39. Innesco
Dicembre 2010
Andrea
«Guarda che a Natale mancano ancora una manciata di giorni, Andre.»
«Mmpf» ciancico con la bocca piena di biscotti, sollevando lo sguardo su mamma, stranito. Cerco di masticare velocemente per poterle rispondere il prima possibile con qualche parola sensata e alla fine, dopo un lungo sorso di cappuccino, riesco a dire «Che stai a di'?»
«C'hai 'na faccia che è tutta un programma, pari l'espressione della felicità, manco fosse la mattina di Natale.»
«Con "felice come la mattina di Natale" intendi quando ti svegli e sai che i miracoli possono accadere tipo che speri tantissimo di ricevere un regalo e poi ti piomba tra capo e collo e tu sei troppo contento ché non credevi che fosse possibile e invece è possibile davvero?»
«Ma che c'hai oggi, sembra che stai a tremila!
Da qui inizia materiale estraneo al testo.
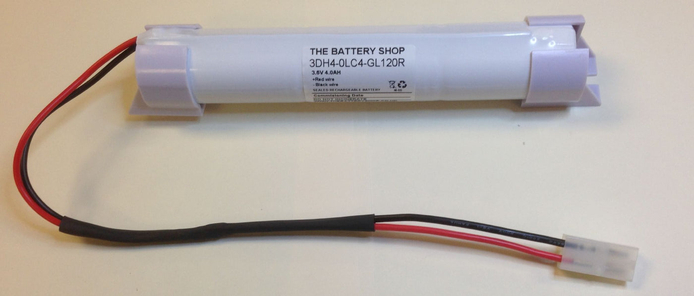 3.6v 4.0Ah Ni-Cd battery for use in emergency lighting.; Terminals : Red and black flying leads and connector; Battery Type: High temperature nickel-cadmium battery (Ni-Cd) for use in emergency lighting.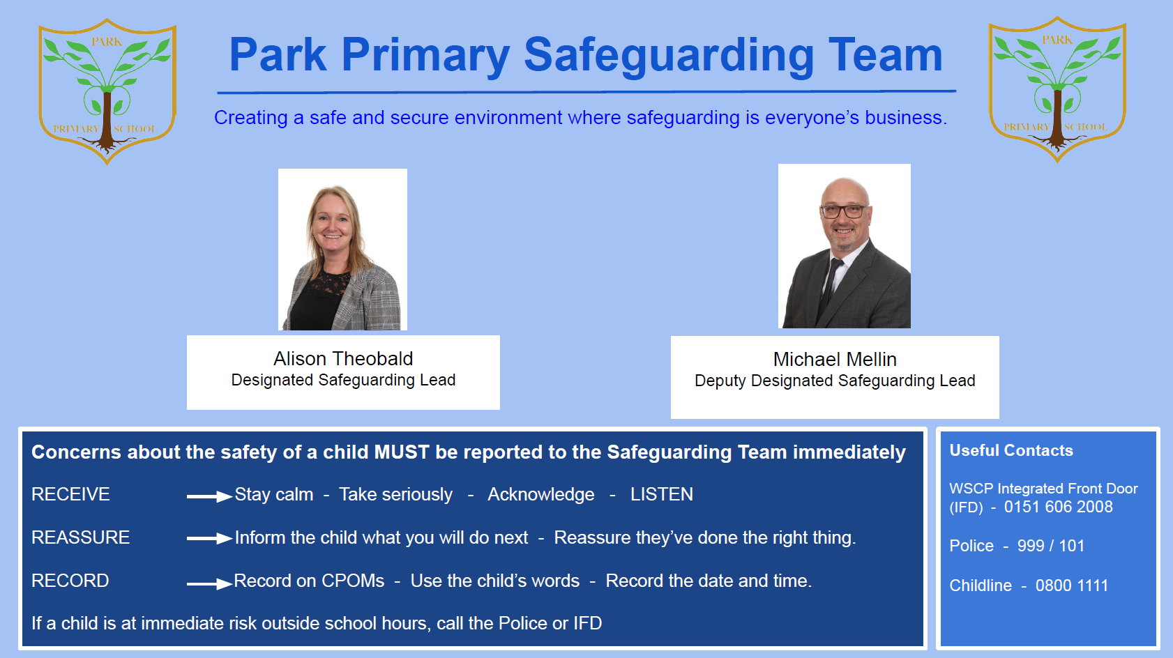 Park Primary School is committed to safeguarding and promoting the welfare of children and expects all staff and volunteers to share this commitment. Everyone has a responsibility to ensure that children at Park Primary are safe.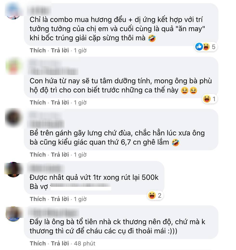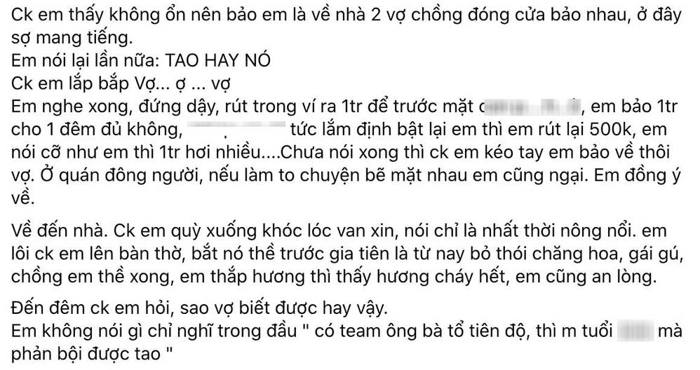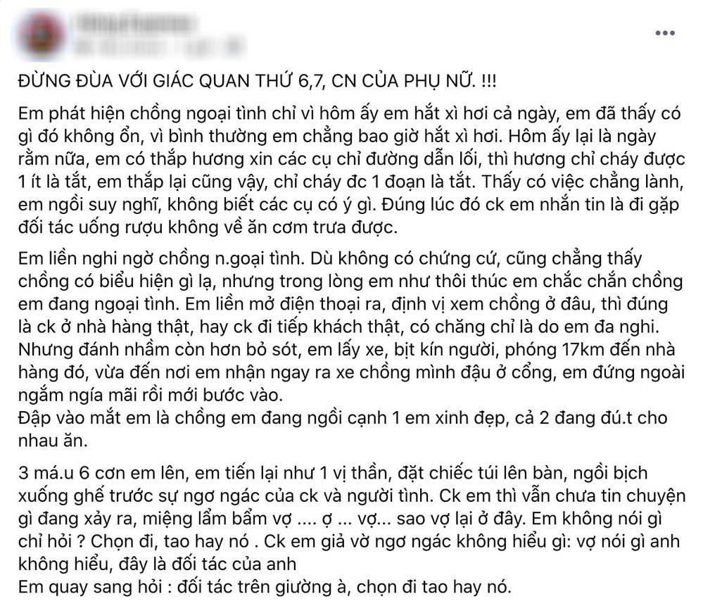 Cụ thể, cô vợ đã chia sẻ câu chuyện “bắt tại trận” chồng ngoại tình lên mạng xã hội . Điều đáng nói, quá trình này lại là một loạt những yếu tố “ tâm linh ” đòi hỏi người phụ nữ phải phát huy khả năng nhạy bén của giác quan thứ 6 . Theo đó, vào ngày rằm, cô thắp hương nhưng cứ cháy được một chút là lại tắt. Chưa kể, một người bình thường chẳng bao giờ hắt xì hơi như cô nay lại cứ hắt hơi liên tục cả ngày.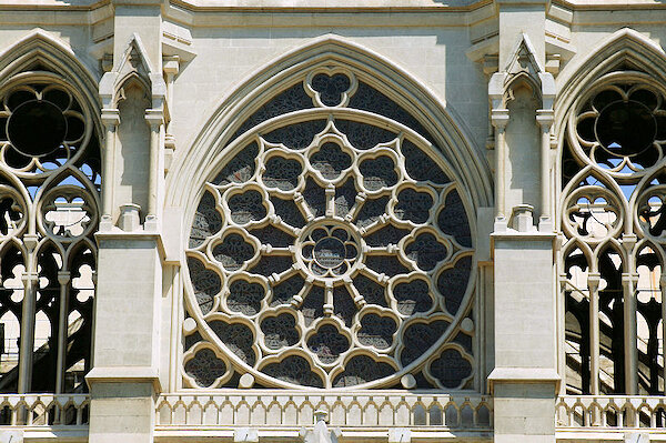 Cette église fut bâtie suivant les plans de François Reybaud qui adopta le style gothique du XIIIe siècle et la première pierre fut posée le 22 avril 1855 par Mgr de Mazenod. Cependant, l'édification ne fut pas sans problème : en 1862, l'architecte s'était retiré et un prêtre architecte, l'Abbé Joseph Pougnet, refit les plans ; puis il fallut l'aide des paroissiens de Saint-Vincent-de-Paul en 1885, qui réunirent trois millions de francs, pour permettre finalement l'inauguration le 20 septembre 1886. Ses deux flèches s'élèvent à 70 mètres . Remarquer les portes en bois ornées de panneaux de bronze et les superbes vitraux par Edouard Didron. Le programme des sculptures ornementales resta très largement inachevé mais on peut cependant considérer que nous sommes face à un édifice de qualité typique de la seconde moitié du XIXe siècle (voir à l'intérieur la grande maquette de l'église telle qu'elle aurait dû être si les sculpures avaient été réalisées).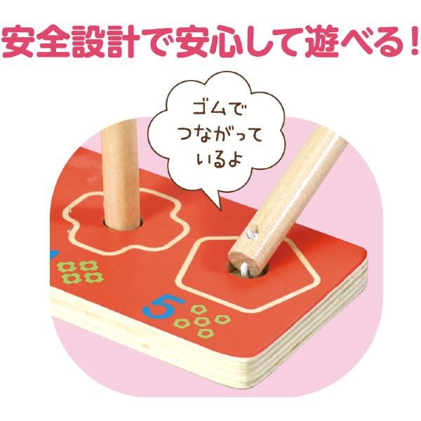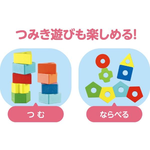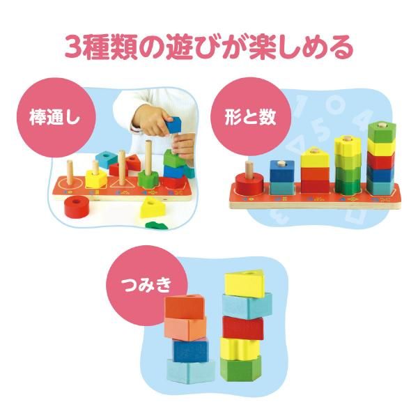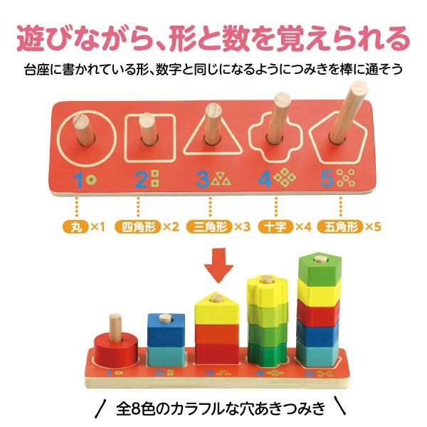時學習形狀和數字。 8 種顏色的彩色積木,每個積木上都有孔洞。積木和底座用橡膠連接以確保安全。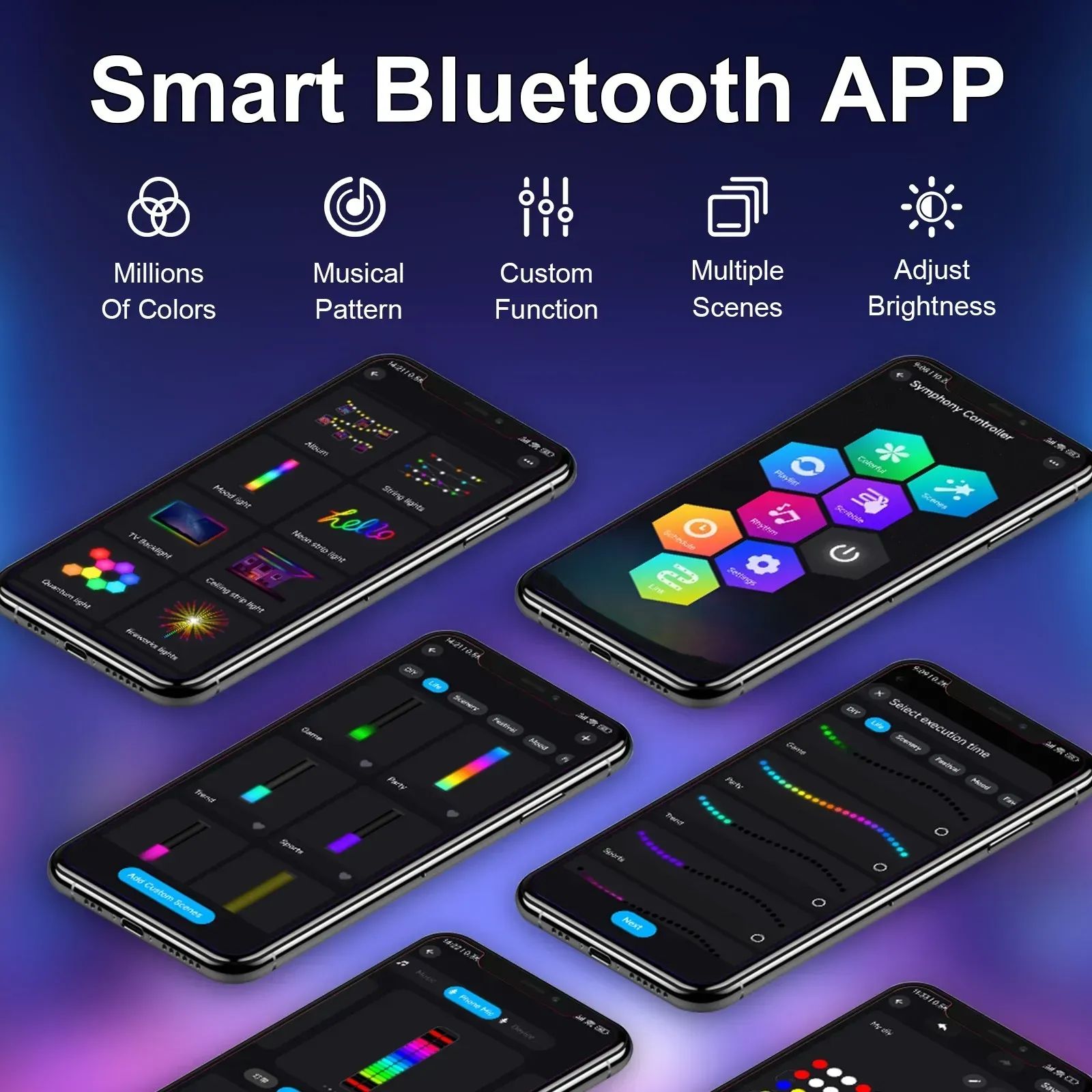 - Лампы реагируют на музыку, подстраивая свет под ритм, благодаря чему они идеально подходят для вечеринок и съемок.

Sì, non l'avrei detto così, ma intendo quello, proprio quello.»
«E allora butta via il calendario, mamma, non è buono manco pe' niente, sta tutto confuso. Te lo dico io: oggi è Natale eccome» dico, sorridendo.
Poi mi alzo, le schiocco un bacio al volo sulla guancia ed esco dalla cucina, mentre con la coda dell'occhio la vedo che si avvicina perplessa al calendario della ferramenta di Fabione e lo scruta come se fosse un estraneo.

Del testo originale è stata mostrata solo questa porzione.